Question

In a sample of 200 households, the mean number of hours spent on social networking sites during the month of January was 55 hours. In a much larger study, the standard deviation was determined to be 7 hours. Assume the population standard deviation is the same.
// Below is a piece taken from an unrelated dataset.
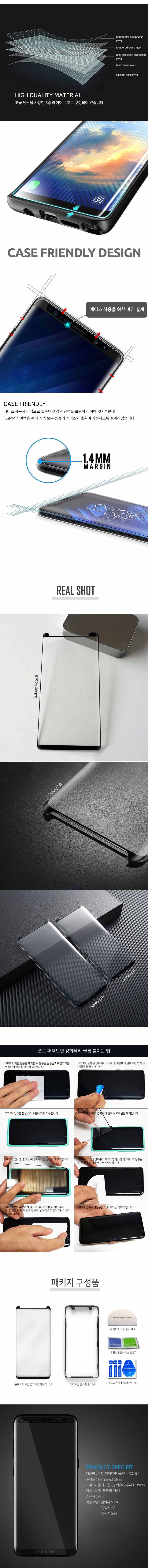 1. 액정 전체 부착형 풀커버 강화유리 제품.

What is the 99% confidence interval for the mean hours devoted to social networking in January?

Answer 1

Answer:

53.7279 ≤ μ ≤ 56.2721

Step-by-step explanation:

If the mean of the sample is known, the population standard deviation is known and the size of the sample is bigger than 30, the (1-∝) confidence interval is calculated as:

$x-z_{\alpha/2}*\frac{s}{\sqrt{n}}$ ≤ μ ≤ $x+z_{\alpha/2}*\frac{s}{\sqrt{n}}$

Where x is the mean of the sample, s is the population standard deviation, n is the size of the sample and $z_{\alpha/2}$ is the value of the standard normal distribution in which:

P(Z>z)=∝/2

If 1-∝ is equal to 99%, ∝/2 is equal to 0.005 and $z_{\alpha/2}$ is equal to 2.57

So, if we replace x by 55, s by 7, n by 200 and $z_{\alpha/2}$ by 2.57, we get:

$55-2.57*\frac{7}{\sqrt{200}}$ ≤ μ ≤ $55+2.57*\frac{7}{\sqrt{200}}$

55 - 1.2721 ≤ μ ≤ 55 + 1.2721

53.7279 ≤ μ ≤ 56.2721

Answer 2

MOE = +\- 1.27

The 99% confidence interval ranges from 53.73 to 56.27 hours.